The new technique uses computer-aided systems to virtually cleanse and analyze the acquired images, so it does not require pre-examination laxative bowel cleansing. If it is proven to be a viable alternative to colonoscopy, a larger percentage of individuals may decide to undergo colon cancer screening, the researchers wrote.
“While we know that colon screening can save lives, not enough people participate, in part because of the discomfort of the required laxative preparation,” Michael E. Zalis, MD, director of CT colonography at Massachusetts General Hospital’s department of imaging, said in a press release. “In our study, the laxative-free form of CT colonography performed well enough that it might someday become an option for screening, which we hope would increase patient participation.”
Traditional CT colonography does not require sedation and has been demonstrated to be as effective as colonoscopy in detecting polyps, but it still requires laxative preparation.
The laxative-free CT colonography technique evaluated in this study requires participants to follow a two-day low-fiber diet and orally ingest small doses of a contrast agent that helps identify fecal material in the colon. Software programs developed by the researchers perform “electronic cleansing,” removing fecal matter from the CT scan and analyzing the remaining images for polyps, Zalis and colleagues wrote.
Zalis and colleagues enrolled 605 asymptomatic adults in a prospective study designed to compare how well optical colonography — one of the most accepted and effective colorectal cancer screening methods — and laxative-free, computer-aided CT colonography detected adenomas 6 mm or larger.
The participants, aged 50 to 85 years, were at average to moderate risk for colon cancer.
All participants underwent laxative-free CT colonography, then underwent optical colonoscopies within the next 5 weeks.
The study results suggest laxative-free CT colonography is comparable to optical colonoscopy for detecting adenomas 10 mm or larger.
In those cases, the per-patient sensitivity of laxative-free CT colonography was 0.91 (95% CI, 0.71-0.99) vs. 0.95 (95% CI, 0.77-1.00) for optical colonography. The per-patient specificity of laxative-free CT colonography was 0.85 (95% CI, 0.82-0.88) vs. 0.89 (95% CI, 0.86-0.91) for optical colonography.
The laxative-free CT technique did not perform as well as optical colonography in identifying smaller polyps, but researchers emphasized 85% of colonoscopy-confirmed lesions that showed cellular changes associated with higher risk for cancer development were 10 mm or larger.
Zalis and colleagues also asked patients to complete written surveys about their experiences and note which technique they preferred. Sixty-two percent of participants who completed the questionnaire said they preferred laxative-free CT colonography to optical colonoscopy.

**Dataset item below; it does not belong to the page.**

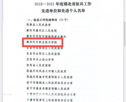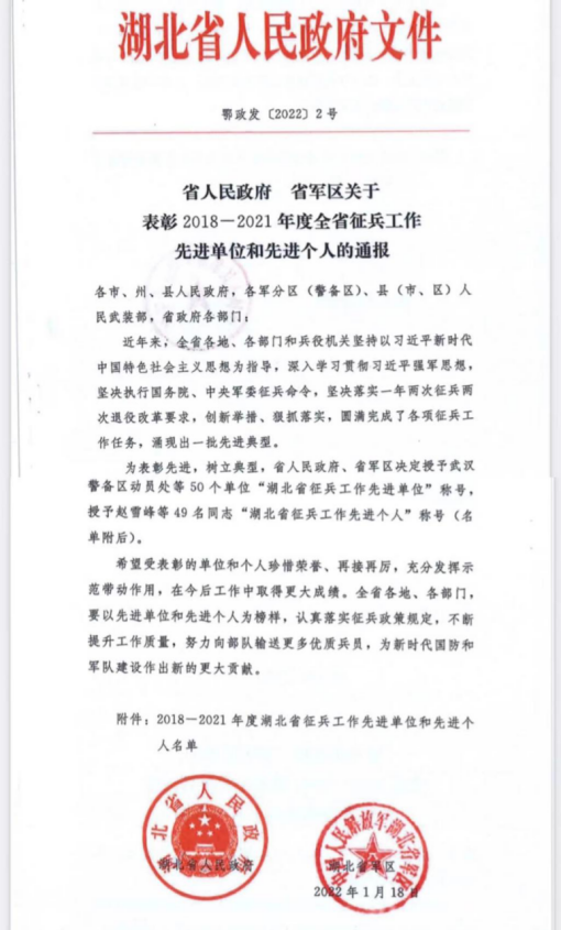 近日,湖北省人民政府印发《博鱼登录表彰2018-2021年度全省征兵工作先进单位和先进个人的通报》(鄂政发〔2022〕2号),我校获评2018-2021年度湖北省征兵工作先进单位。

“If [the study results] hold up in larger trials, we would expect this procedure would first be offered to moderate-risk patients who are otherwise unable or unwilling to be screened,” Zalis said in a press release. “If we can validate that this form of CT colonography performs reasonably well for screening and is easier for patients, it could have a significant impact on reducing the incidence of colon cancer and related cancer deaths.”
Disclosure: Dr. Zalis and other researchers involved in the study are co-inventors of electronic cleansing and computer-aided detection software patents assigned to their home institution but do not receive associated royalties.